The plaintiffs argued in opposition that the defendants’ advertisements demonstrate repeated use of each respective plaintiff’s image, likeness or identity to market the defendants’ resort. For instance, the advertisements directed actual and prospective party goers to the defendants’ website and also provided the resort’s telephone number for reservations. The advertisements promoted the defendants’ resort, advertised prices for staying at the resort to attend events like the Aahz Party, advertised prices to attend the event without an overnight stay, and advertised that the resort would offer discounted rates for overnight stays for such events, all of which were in line with the defendants’ business and business operations. As alleged in the plaintiffs’ complaint, the defendants run a private business and advertise their resort and events at the resort for recompense, which is undoubtedly a commercial purpose.

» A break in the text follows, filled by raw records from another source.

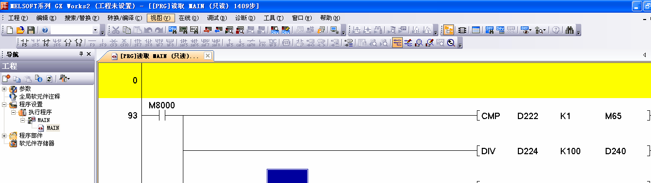 三菱程序讀出來,第一段是黃色的,,是不是程序超長了
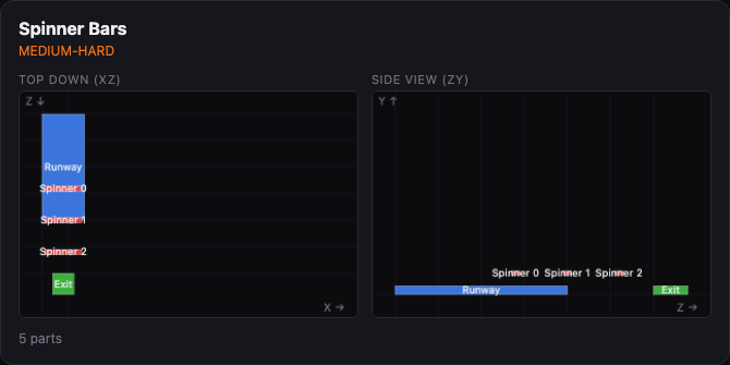HardA runway with 2-3 rotating kill-brick bars. Players must time their run through gaps in the spinning bars — get hit and you die.
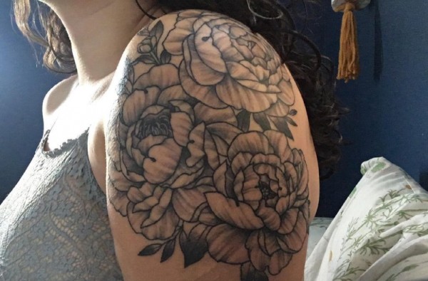 女性肩膀上多款漂亮的花朵纹身图案
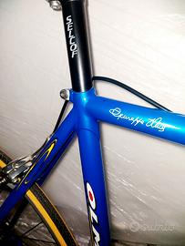 Bici da corsa OLMO, acquistata da Olmo il maestro Adelio nel 2005, regalo a una st. e usata una sola volta , la bici e' immacolata sempre tenuta in ufficio , telaio dedra acciao crom da centro a centro 57, cambio Campagnolo Mirage 9 velocità, pedali attacco Look, Firmata sul telaio Giuseppe Olmo. Ribadisco e' nuova .

The Florida State Legislature codified an individual’s publicity rights through Florida Statute 540.08 – Unauthorized Publication of Name of Likeness. Section 540.08 states in a pertinent part that:

“No person shall publish, print, display or otherwise publicly use for purposes of trade or for any commercial or advertising purpose the name, portrait, photograph, or other likeness of any natural person without the express written or oral consent to such use given by […] such person.”

As the plaintiffs pointed out in their opposition, Florida Statute 540.08 considers the act of advertising for a commercial purpose to fall within the purview of the statute, whereas expressive works, such as a motion picture, fall outside the scope of the statute.

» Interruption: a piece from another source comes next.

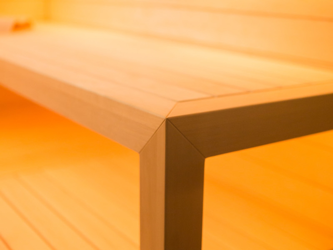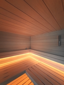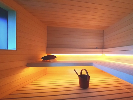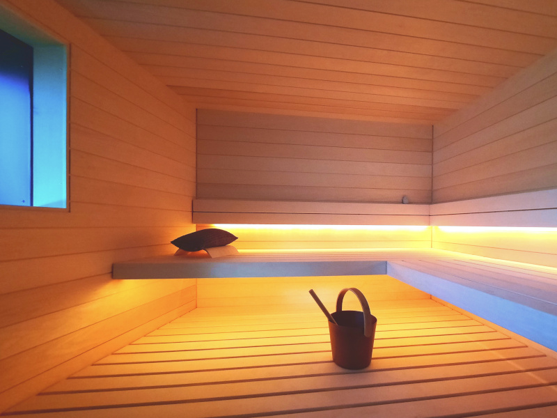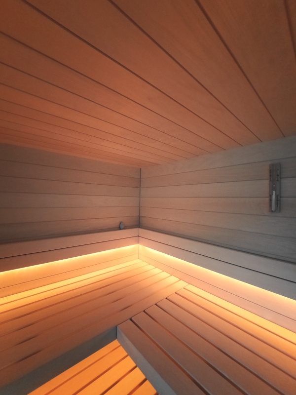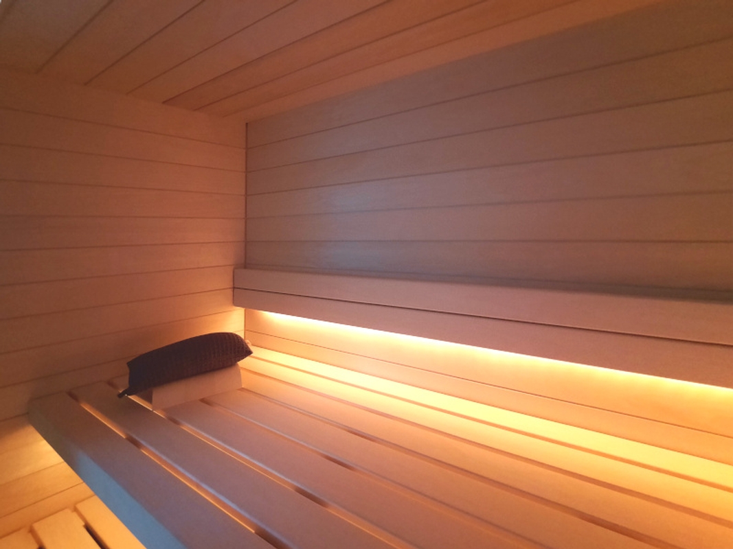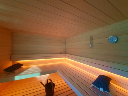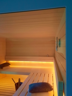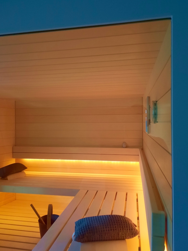 Die warmweisse Saunabeleuchtung hinter den Rückenlehnen und unter der oberen Bank sorgen für ein wohliges Ambiente.

Assuming the plaintiffs’ allegations are true, the defendants used each plaintiff’s image or likeness without his or her consent to advertise their resort by promoting a party being held at their resort. As opposed to using images of actual guests to promote the event, the plaintiffs’ images were used because they are attractive individuals who look good naked, thereby generating interest in the party and revenue for the resort. The plaintiffs can cement their claims should they be able to produce evidence demonstrating a history of getting paid licensing fees for use of their images in connection with similar types of promotional activities. Due to the celebrity associated with the lead plaintiffs, it is foreseeable the entire group of plaintiffs will be able to produce the evidence needed to substantiate their publicity claims. It is for these reasons that the plaintiffs appear to have a legitimate right of publicity claim against the defendants. At the very least, it appears the District Court correctly denied the defendants’ motion to dismiss the plaintiffs’ second cause of action for violation of their publicity rights under Florida Statute 540.08.